Passengers won’t be subjected to tiny planes though. The services will be provided by three new Airbus A330-300, the first wide-body planes in the company’s fleet.

Each will carry 340 passengers – all in the same class.

A low-fare airline is about to start flying from Ireland to Los Angeles and San Francisco


----------



## Delta4Embassy (Nov 6, 2015)

Low-cost = low-cost mechanic crews, less-trained pilots with less hours. 

Probably not a major concern though, pilot error hardly ever results in an accident...


----------



## barryqwalsh (Nov 6, 2015)

Delta4Embassy said:


> Low-cost = low-cost mechanic crews, less-trained pilots with less hours.
> 
> Probably not a major concern though, pilot error hardly ever results in an accident...

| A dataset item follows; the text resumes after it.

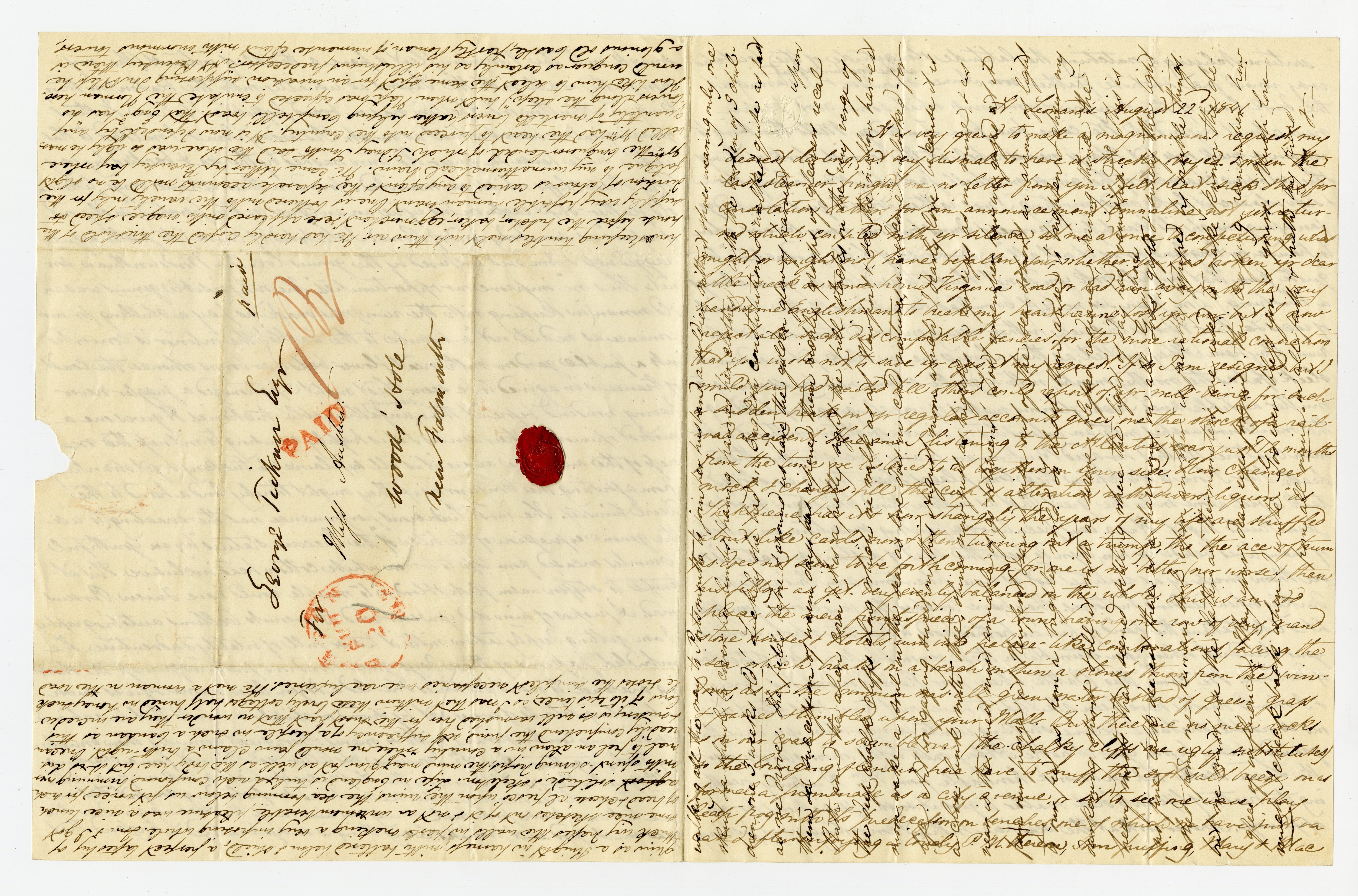 ADDRESSED: GEORGE TICKNOR ESQ / MISS AUSTIN. / WOOD’S HOLE / NEAR FALMOUTH [ALL BUT “MISS AUSTIN” IN A HEAVIER HAND OR PEN]

As long as it is only "hardly ever",  Oh, Well That's Okay Then!


----------



## Pop23 (Nov 6, 2015)

barryqwalsh said:


> Wow Air has just announced “ultra-low-cost” flights between Ireland and the west coast of America, via Reykjavik.
> 
> The new routes will begin in summer next year with four flights per week to LA and five to San Francisco.
> 
> ...



I've flown them in Europe. I was actually nicely surprised. 

I'll definately fly with them again


----------